Omit all pictures, then retype the data exactly as given.

[Excerpts from a dataset]
———
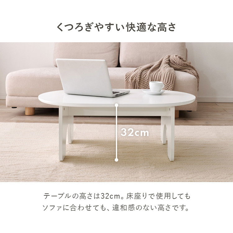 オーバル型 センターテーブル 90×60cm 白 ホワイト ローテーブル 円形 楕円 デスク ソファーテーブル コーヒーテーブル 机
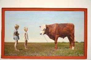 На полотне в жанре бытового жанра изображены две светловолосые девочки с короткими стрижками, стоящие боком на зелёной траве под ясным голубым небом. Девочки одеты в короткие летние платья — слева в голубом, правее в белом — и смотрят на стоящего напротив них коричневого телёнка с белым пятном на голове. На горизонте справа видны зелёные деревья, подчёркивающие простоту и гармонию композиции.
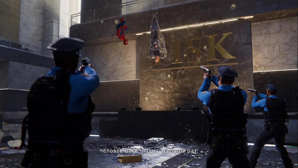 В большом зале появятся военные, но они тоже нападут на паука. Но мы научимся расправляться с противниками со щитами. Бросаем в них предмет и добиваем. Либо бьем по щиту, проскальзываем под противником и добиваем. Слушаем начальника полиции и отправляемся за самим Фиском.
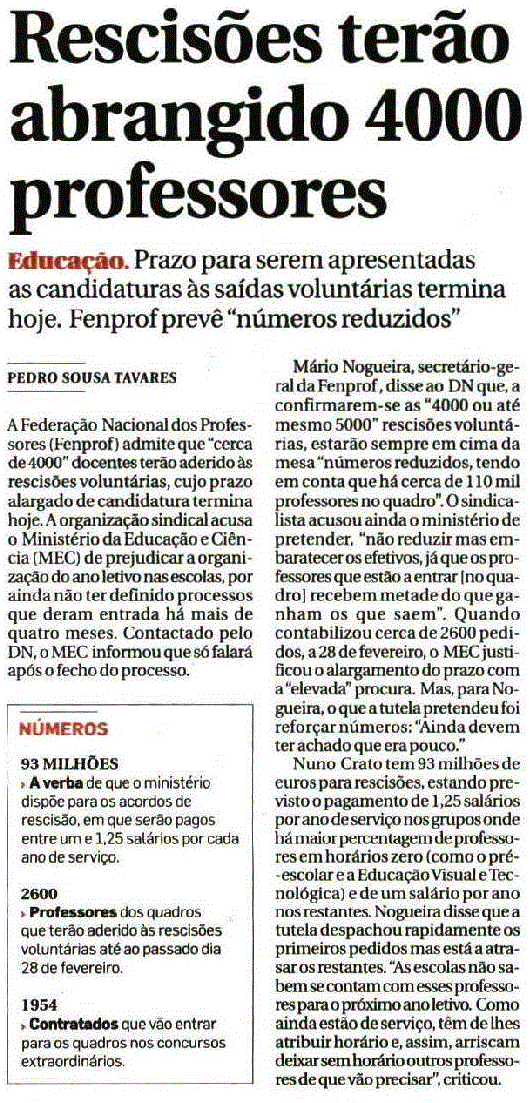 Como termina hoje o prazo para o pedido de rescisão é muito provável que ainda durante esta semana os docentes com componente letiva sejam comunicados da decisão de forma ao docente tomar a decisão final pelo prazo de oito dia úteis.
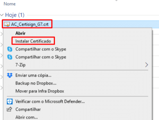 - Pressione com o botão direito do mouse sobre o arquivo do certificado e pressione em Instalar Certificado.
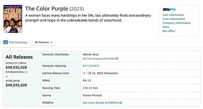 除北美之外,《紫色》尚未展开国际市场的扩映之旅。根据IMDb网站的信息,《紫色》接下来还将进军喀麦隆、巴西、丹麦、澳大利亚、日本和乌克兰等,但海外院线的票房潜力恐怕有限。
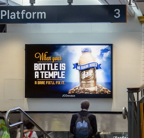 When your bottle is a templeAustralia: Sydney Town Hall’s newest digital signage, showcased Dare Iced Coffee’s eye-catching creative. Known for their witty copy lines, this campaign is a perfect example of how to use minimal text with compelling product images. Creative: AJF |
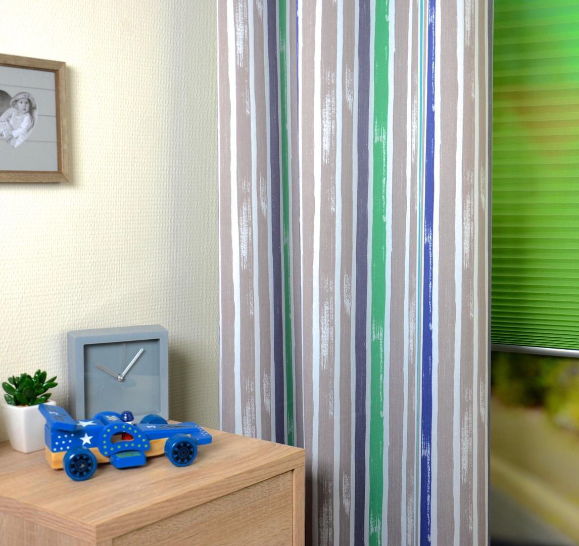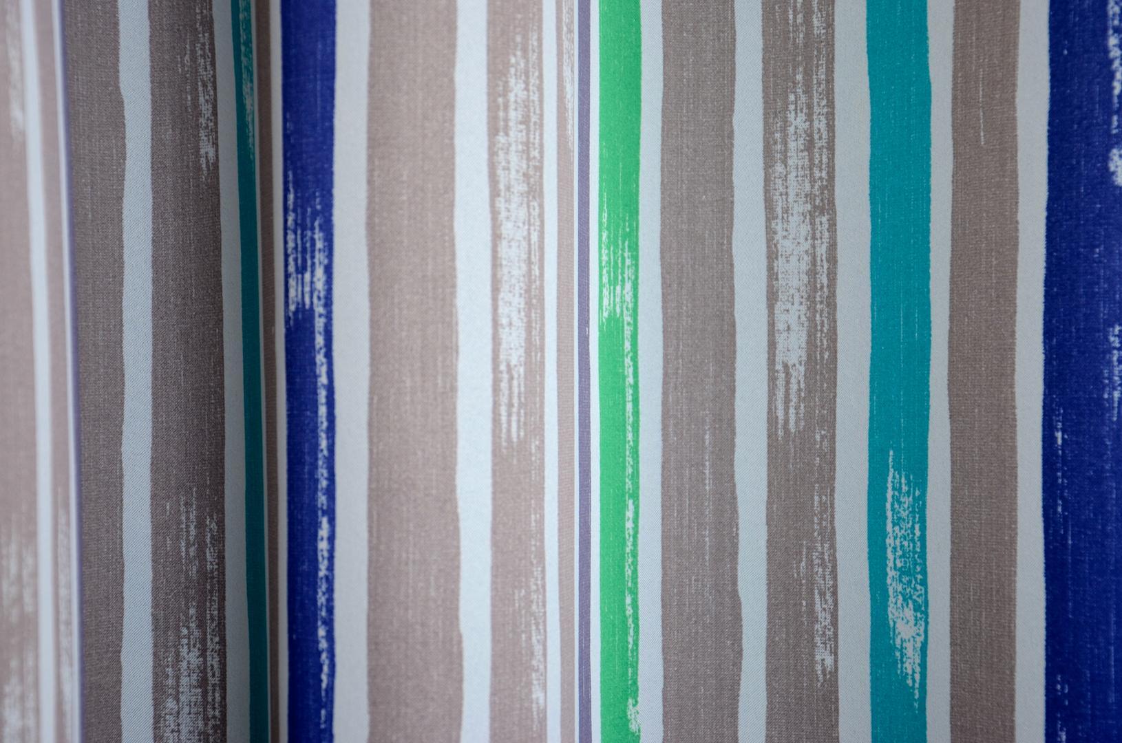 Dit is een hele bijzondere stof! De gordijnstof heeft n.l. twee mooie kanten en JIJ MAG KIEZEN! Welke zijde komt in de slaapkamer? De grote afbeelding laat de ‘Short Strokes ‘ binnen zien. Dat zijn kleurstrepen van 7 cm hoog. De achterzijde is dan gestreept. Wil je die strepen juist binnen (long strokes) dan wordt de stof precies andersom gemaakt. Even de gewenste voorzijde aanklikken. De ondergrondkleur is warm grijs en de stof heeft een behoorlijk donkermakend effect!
———
- Reply:
 オーバル型 センターテーブル 90×60cm 白 ホワイト ローテーブル 円形 楕円 デスク ソファーテーブル コーヒーテーブル 机
 На полотне в жанре бытового жанра изображены две светловолосые девочки с короткими стрижками, стоящие боком на зелёной траве под ясным голубым небом. Девочки одеты в короткие летние платья — слева в голубом, правее в белом — и смотрят на стоящего напротив них коричневого телёнка с белым пятном на голове. На горизонте справа видны зелёные деревья, подчёркивающие простоту и гармонию композиции.
 В большом зале появятся военные, но они тоже нападут на паука. Но мы научимся расправляться с противниками со щитами. Бросаем в них предмет и добиваем. Либо бьем по щиту, проскальзываем под противником и добиваем. Слушаем начальника полиции и отправляемся за самим Фиском.
 Como termina hoje o prazo para o pedido de rescisão é muito provável que ainda durante esta semana os docentes com componente letiva sejam comunicados da decisão de forma ao docente tomar a decisão final pelo prazo de oito dia úteis.
 - Pressione com o botão direito do mouse sobre o arquivo do certificado e pressione em Instalar Certificado.
 除北美之外,《紫色》尚未展开国际市场的扩映之旅。根据IMDb网站的信息,《紫色》接下来还将进军喀麦隆、巴西、丹麦、澳大利亚、日本和乌克兰等,但海外院线的票房潜力恐怕有限。
 When your bottle is a templeAustralia: Sydney Town Hall’s newest digital signage, showcased Dare Iced Coffee’s eye-catching creative. Known for their witty copy lines, this campaign is a perfect example of how to use minimal text with compelling product images. Creative: AJF |
 Dit is een hele bijzondere stof! De gordijnstof heeft n.l. twee mooie kanten en JIJ MAG KIEZEN! Welke zijde komt in de slaapkamer? De grote afbeelding laat de ‘Short Strokes ‘ binnen zien. Dat zijn kleurstrepen van 7 cm hoog. De achterzijde is dan gestreept. Wil je die strepen juist binnen (long strokes) dan wordt de stof precies andersom gemaakt. Even de gewenste voorzijde aanklikken. De ondergrondkleur is warm grijs en de stof heeft een behoorlijk donkermakend effect!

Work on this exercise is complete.